Exercise directions:
No image is to be carried over; reproduce the rest of the listing word for word.

Start of Collected data

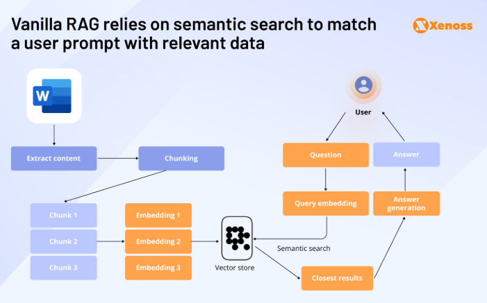 Vanilla RAG代表了在企业环境中实施检索增强生成的传统方法。这种方法利用向量数据库存储文档嵌入并检索上下文相关信息。凭借其经过验证的记录和灵活的架构,Vanilla RAG仍然是需要直接、基于事实的问答能力的组织的首选方案。
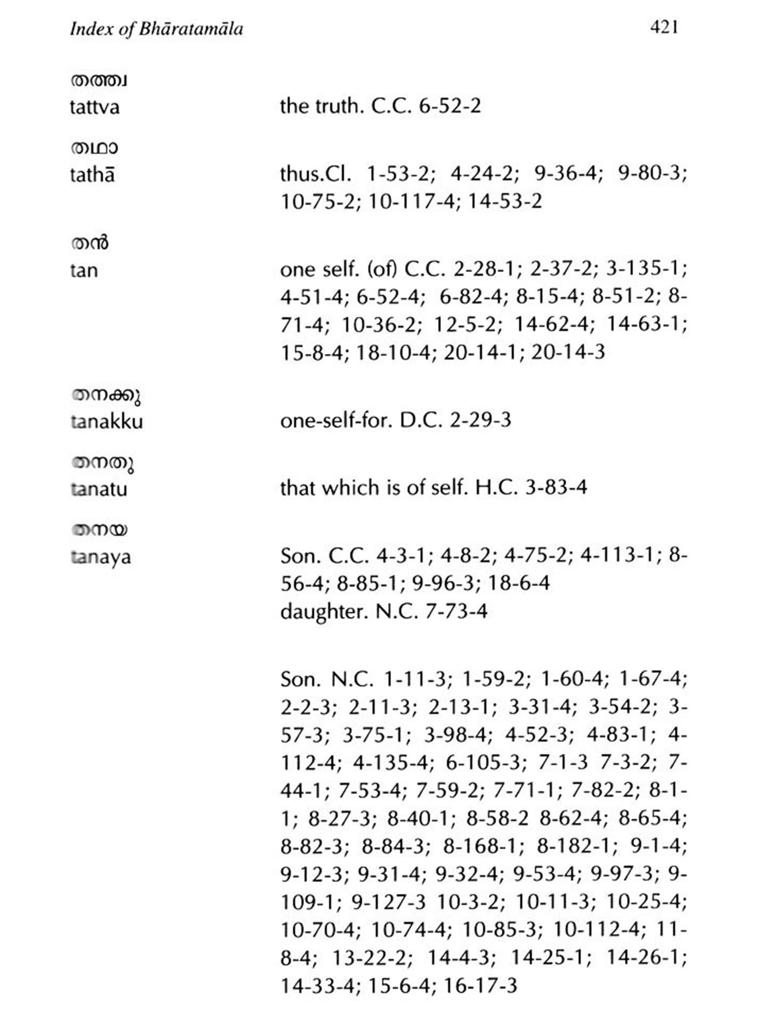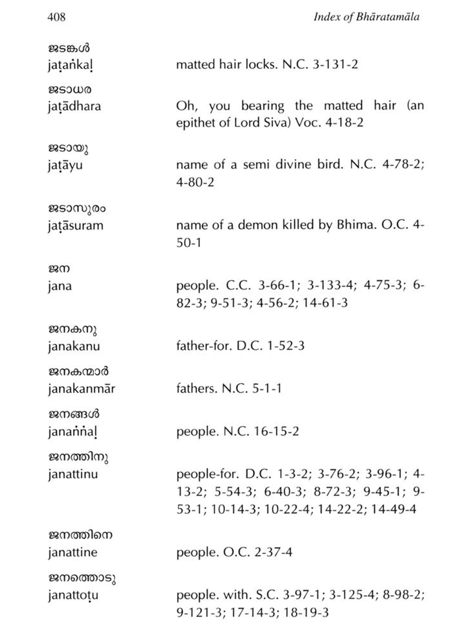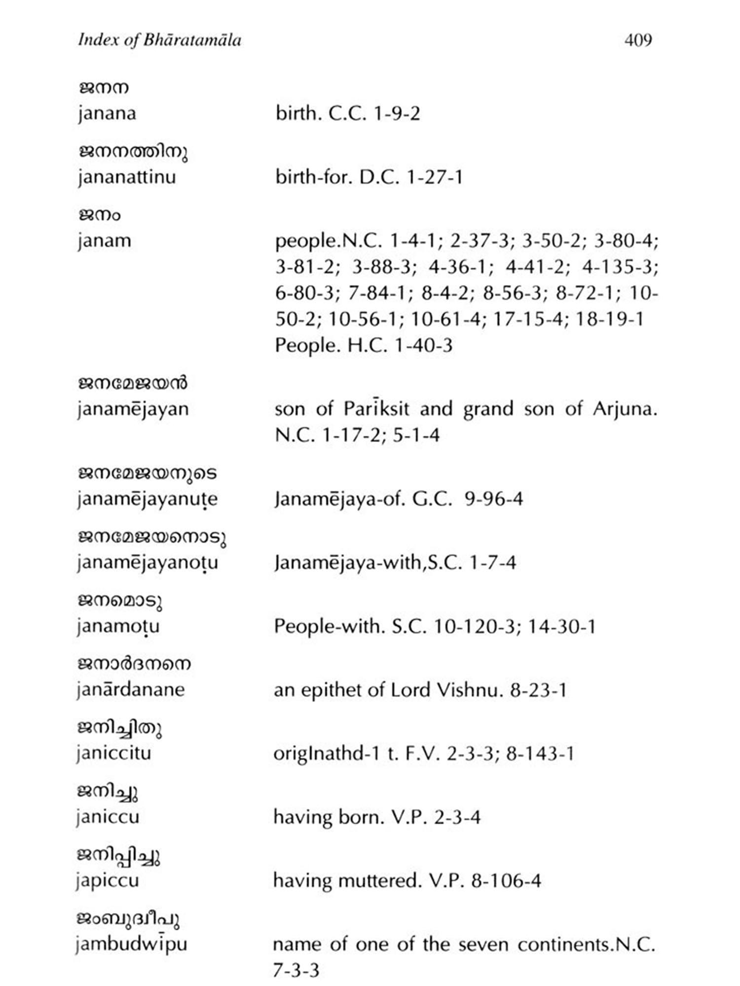 Sankaran the author of Bharatamala is believed to be one among the Niranam trio in the history of Middle Malayalam literature. Sankaran, otherwise known as Vellangaloor Sankaran, is the first poet who translated Mahabharatam into Malayalam. Even though this text is a translation of the Sanskrit epic, it shows the characteristics of an original work. Dr. R. Saraswathy Kutty Amma alias Ponnara Saraswathy, prepared the Index of Bharatamala which dates back to 1400-1437 A.D. as part of her dissertation on 'Descriptive Grammar of Bharatamala' in 1992. The available earliest manuscript goes to 1437 C.E. (612 M.E.). ISDL has a plan to compile relevant materials for the preparation of a historical grammar and early Middle Malayalam lexicon. As part of it, ISDL has decided to publish the indices of all ancient Malayalam classics. The present publication is a partial fulfillment of that aim.
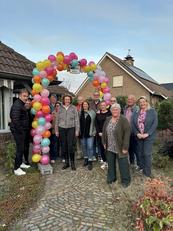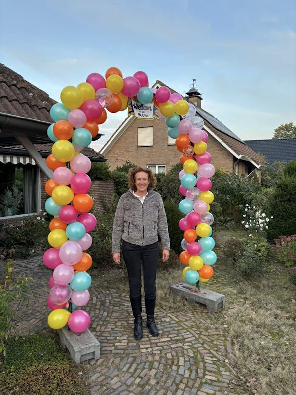 Gisteravond werd Anne-Marie Fellinger welkom geheten in de buurt waar ze sinds kort woont. De directe buurtbewoners aan de Eltenseweg in Stokkum maakten een moderne versie van een boog met groen. Dit keer was de boog van ballonnen. Een van de buurtbewoners had zelfs een prachtig houten bord voor haar gemaakt om op te hangen bij de voordeur.
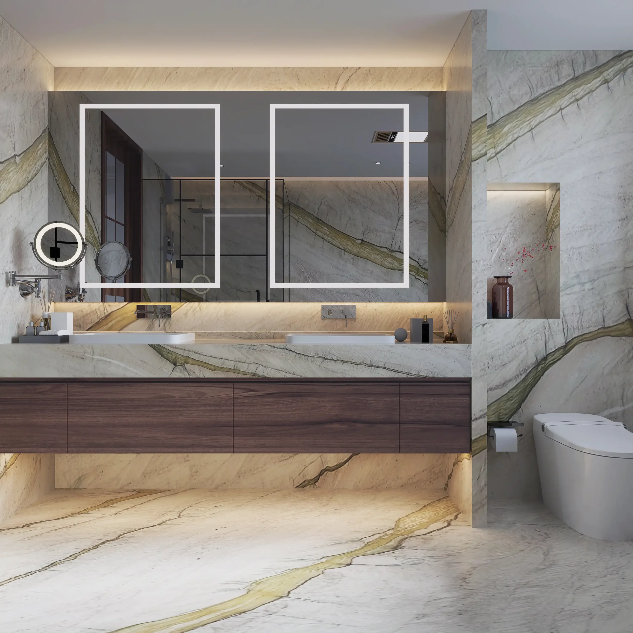 Montreal quartzite is prized for its somber appearance. It boasts a warm white background highlighted by greenish-yellow and slate blue veins. Subtle hints of rustic red veins further add versatility and depth to the stone’s appearance. The bright accent of Montreal quartzite can instantly brighten up any ambiance, transforming spaces into a luxury retreat. Use this stone to create beautiful flooring, tabletops, bathrooms, and other settings.

End of Collected data

Written response:
 Vanilla RAG代表了在企业环境中实施检索增强生成的传统方法。这种方法利用向量数据库存储文档嵌入并检索上下文相关信息。凭借其经过验证的记录和灵活的架构,Vanilla RAG仍然是需要直接、基于事实的问答能力的组织的首选方案。
 Sankaran the author of Bharatamala is believed to be one among the Niranam trio in the history of Middle Malayalam literature. Sankaran, otherwise known as Vellangaloor Sankaran, is the first poet who translated Mahabharatam into Malayalam. Even though this text is a translation of the Sanskrit epic, it shows the characteristics of an original work. Dr. R. Saraswathy Kutty Amma alias Ponnara Saraswathy, prepared the Index of Bharatamala which dates back to 1400-1437 A.D. as part of her dissertation on 'Descriptive Grammar of Bharatamala' in 1992. The available earliest manuscript goes to 1437 C.E. (612 M.E.). ISDL has a plan to compile relevant materials for the preparation of a historical grammar and early Middle Malayalam lexicon. As part of it, ISDL has decided to publish the indices of all ancient Malayalam classics. The present publication is a partial fulfillment of that aim.
 Gisteravond werd Anne-Marie Fellinger welkom geheten in de buurt waar ze sinds kort woont. De directe buurtbewoners aan de Eltenseweg in Stokkum maakten een moderne versie van een boog met groen. Dit keer was de boog van ballonnen. Een van de buurtbewoners had zelfs een prachtig houten bord voor haar gemaakt om op te hangen bij de voordeur.
 Montreal quartzite is prized for its somber appearance. It boasts a warm white background highlighted by greenish-yellow and slate blue veins. Subtle hints of rustic red veins further add versatility and depth to the stone’s appearance. The bright accent of Montreal quartzite can instantly brighten up any ambiance, transforming spaces into a luxury retreat. Use this stone to create beautiful flooring, tabletops, bathrooms, and other settings.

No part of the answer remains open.